• MTS Gold Morning News 20160726

    26 Jul 2016 | Gold News



Gold drifted lower on Tuesday in Asia with sparse regional data and investors squarely-focused on this week's review of interest rates by the Federal Reserve.

Gold prices were ending the U.S. day session weaker Monday, but up from the daily low. No new bullish fundamental developments are allowing gold prices to languish in a sideways to lower drift. The recent rallies in world stock markets have also hurt the safe-haven metal, as such indicates there is not much risk aversion in the marketplace at present. August Comex gold was last down $3.40 an ounce at $1,320.00.September Comex silver was last down $0.014 at $19.675 an ounce.
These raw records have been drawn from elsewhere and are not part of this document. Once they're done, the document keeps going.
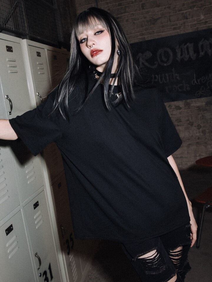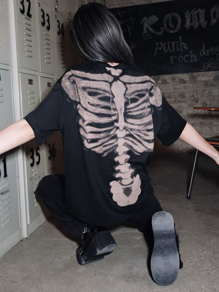 Grunge Punk T-shirt à épaules tombantes avec graphique de squelette, usage scolaire, unisexe
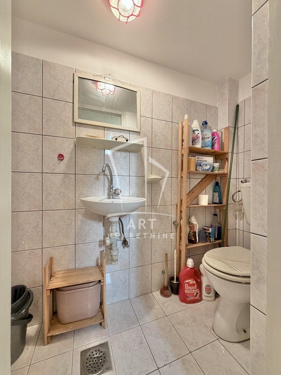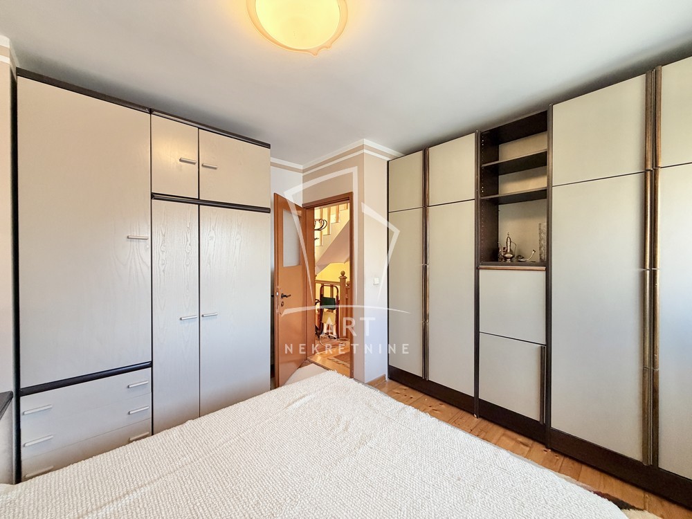 Trosoban stan je organizovan na više nivoa, na visokom prizemlju se nalazi dnevni boravak, kuhinja sa ostavom i kupatilo, na sledećem nivou su dve spavaće sobe i kupatilo. Kvalitetno drveno stepenište vodi ka potkrovlju. U suterenu stana se nalazi ostava sa toaletom.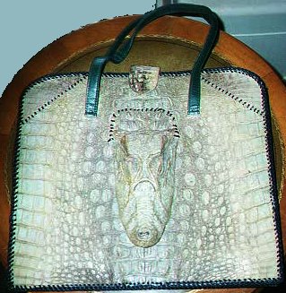 Leather Repairs. This interesting item was brought to me by an antique dealer who found me at one of the many craft shows I attend. All lacing was destroyed and only usable items were alligator hide, cowhide lining, and clasp. Entire item was hand relaced with calf lacing and provided straps were reattached. This was snatched from the "throw-out" pile and restored to better than new condition. For less than $100 in repairs, this item is now reported to be valued at well over $1000! |

The key “outside markets” on Monday saw the U.S. dollar index weaker and Nymex crude oil prices lower. Nymex crude oil futures hit a three-month low Monday are hovering just above $43.00 a barrel. If oil prices continue to trend lower, such would be a significantly bearish factor for the entire raw commodity sector, including the precious metals.

The focal point of the marketplace this week will be the U.S. Federal Reserve’s Open Market Committee (FOMC) that meets Tuesday and Wednesday, and the Bank of Japan monetary policy meeting that takes place Thursday and Friday. No change is expected in U.S. monetary policy this week, but it is expected the BOJ will announce a new monetary policy stimulus package.

Gold would surge under a Donald Trump presidency, but it would take a lot to beat the metal’s rally under Jimmy Carter, according to a report by ABN Amro.

“[Trump’s] rhetoric and possibly policy actions could create domestic and international uncertainty at best, and upheaval at worst,” said Georgette Boele, a strategist at ABN Amro.

ABN Amro believes that gold prices could surge by over 40% to $1,850 a troy ounce under a President Trump.

"Despite two consecutive weeks of scaling back speculative net length in gold, positions on COMEX remain relatively elevated at 94 percent of the record," said UBS Strategist Joni Teves.

"This could make gold vulnerable in the near-term, should the market increasingly price in a more hawkish Fed."

Speculators cut their record bullish bets on COMEX gold contracts for a second straight week, U.S. data showed on Friday.